Perfume Review: MoslBuddJewChristHinDao, A Unifaith Fragrance by Elternhaus
Everything about MoslBuddJewChristHinDao, “A Unifaith Fragrance” by Elternhaus rubs me the wrong way, the cumbersome, awkward name, the affected, precious concept, the price. According to Elternhaus (“a family of unruly children”, which doesn’t make fashion but transports “an attitude to textiles and other carriers of thought via text”),
“As an object, the perfume’s effect is multilayered…cosmically, aesthetically and sensually. It’s directed against limited partisan political and religious thinking, which always produces violence. For this reason, the Elternhaus perfume object may be understood politically, but if it had to be categorized, it would be, at the most, cosmopolitan.”
The description very carefully omits to point out how exactly Elternhaus means to fight “limited partisan political and religious thinking” with their perfume. Does it make the world a better place just by the very fact of its existence? Should it be made morally obligatory for those at the wheel of power to wear it? Should the airplanes spray MoslBudd on the many war areas of our troubled little planet? If we all shell out $300 and start wearing this, would there finally be peace on Earth? And how about those unable to pay $300 for the honor of wearing this perfume? Is it not rather ironic that such a socially-politically-religiously-conscious scent, a scent so laden with deep, benevolent meaning, has such a hefty price? Is a significant part of the profits going to be devoted to some sort of REAL peacekeeping effort, to some actual anti-violent action, to the building of universal tolerance of all towards all? Because if not, this is no more (and no less) than just another fragrance.
And that brings me to perhaps the most important question…what about this particular scent is so special, so miraculously wonderful that it makes it such an effective (non/anti)weapon against the evils of limited thinking? The answer, I am afraid, is…nothing. MoslBuddJewChristHinDao is a pleasant enough, slightly spicy woody-incensey fragrance that adds nothing new to the genre. It starts with rich, peppery incense and an enjoyably salty-savory note reminiscent of dill pickle marinade. The woody accord, rather similar to that in Donna Karan Wenge, grows stronger and is soon joined by an ambery, subtly incense-like, delicately floral note that I believe is labdanum. In fact, if you took Wenge, layered it with Labdanum and added some pickle juice, the result would be your very own ScentThatWillSaveTheWorld. MoslBudd is nice but not nearly nice enough to justify the ambitious premise and the grand price.

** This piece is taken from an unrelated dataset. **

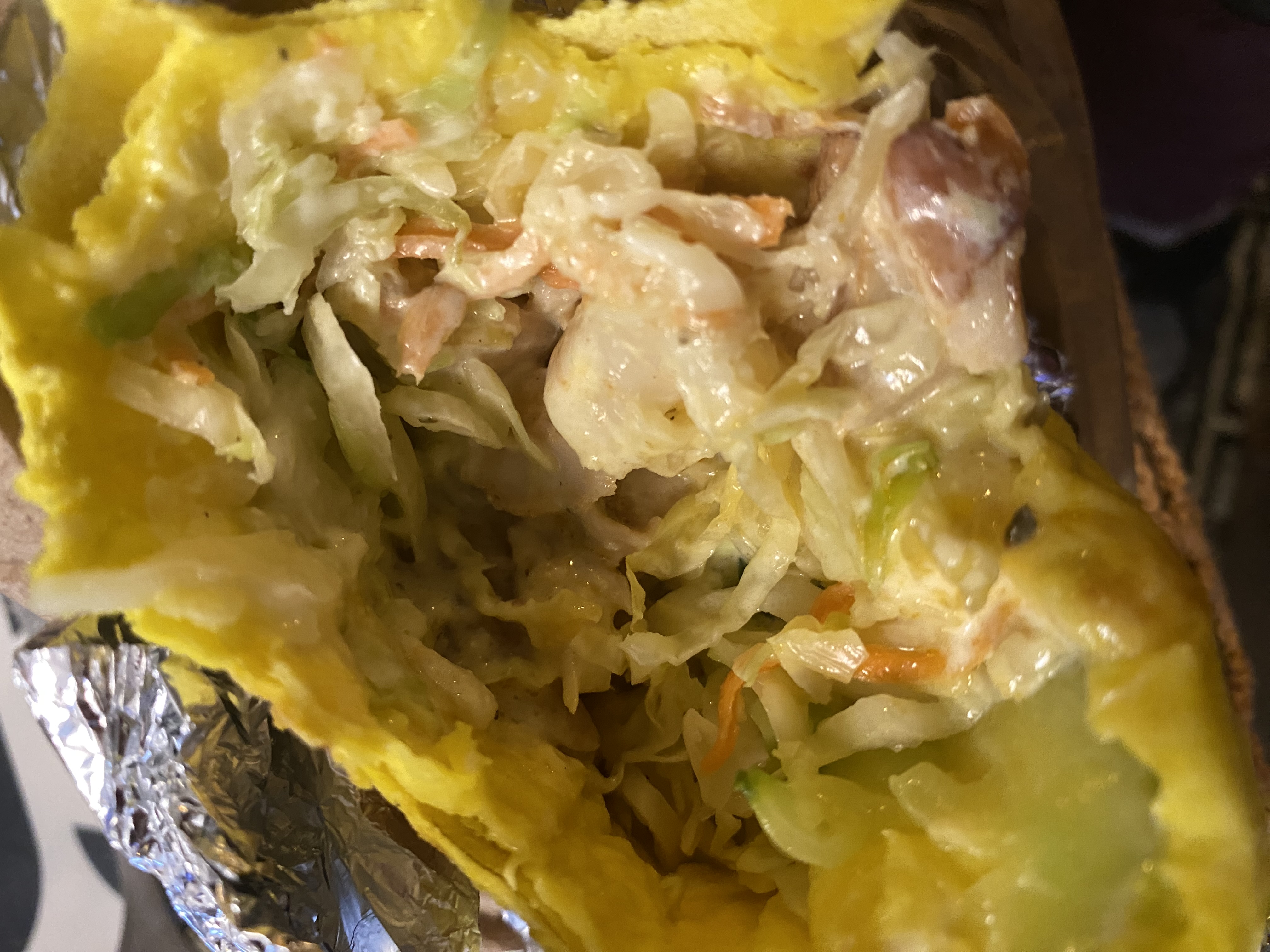 Состав: курица гриль, свежая капуста, пикантная морковь, маринованные огурцы, сочный помидор, соус спайси, сирийская лепешка

Perhaps, I am just a slave of my limited thinking. Perhaps I put words into the mouths of Elterhaus “family” and, with their mission statement, they really mean nothing more than the good old Beauty Will Save The World proclamation. A perfume IS after all a piece of beauty, an art object, and as such does make this miserable Universe a little more bearable. But if so, other perfumes have been doing it for ages. A beautiful Guerlain scent, or, to take a more modern example, a gorgeous Lutens one, would have the same “multilayered effect” and be as cosmopolitan. The difference is that a Guerlain creation, even as or more expensive than MoslBudd, professes to be nothing more than a beautiful scent that might put the wearer into a pleasurable sort of reverie and perhaps into a better mood. The Sous le Vents and the Farnesianas and the Fumerie Turques of this world know their limitations. They are not “directed” against anything, they don’t promise to stop violence, to break barriers and to build universal tolerance. But they are beautiful, intriguing and they smell nice. Nothing less and nothing more.
MoslBuddJewChristHinDao is available at Luckyscent, $300 for 50ml. The image is from Luckyscent.com.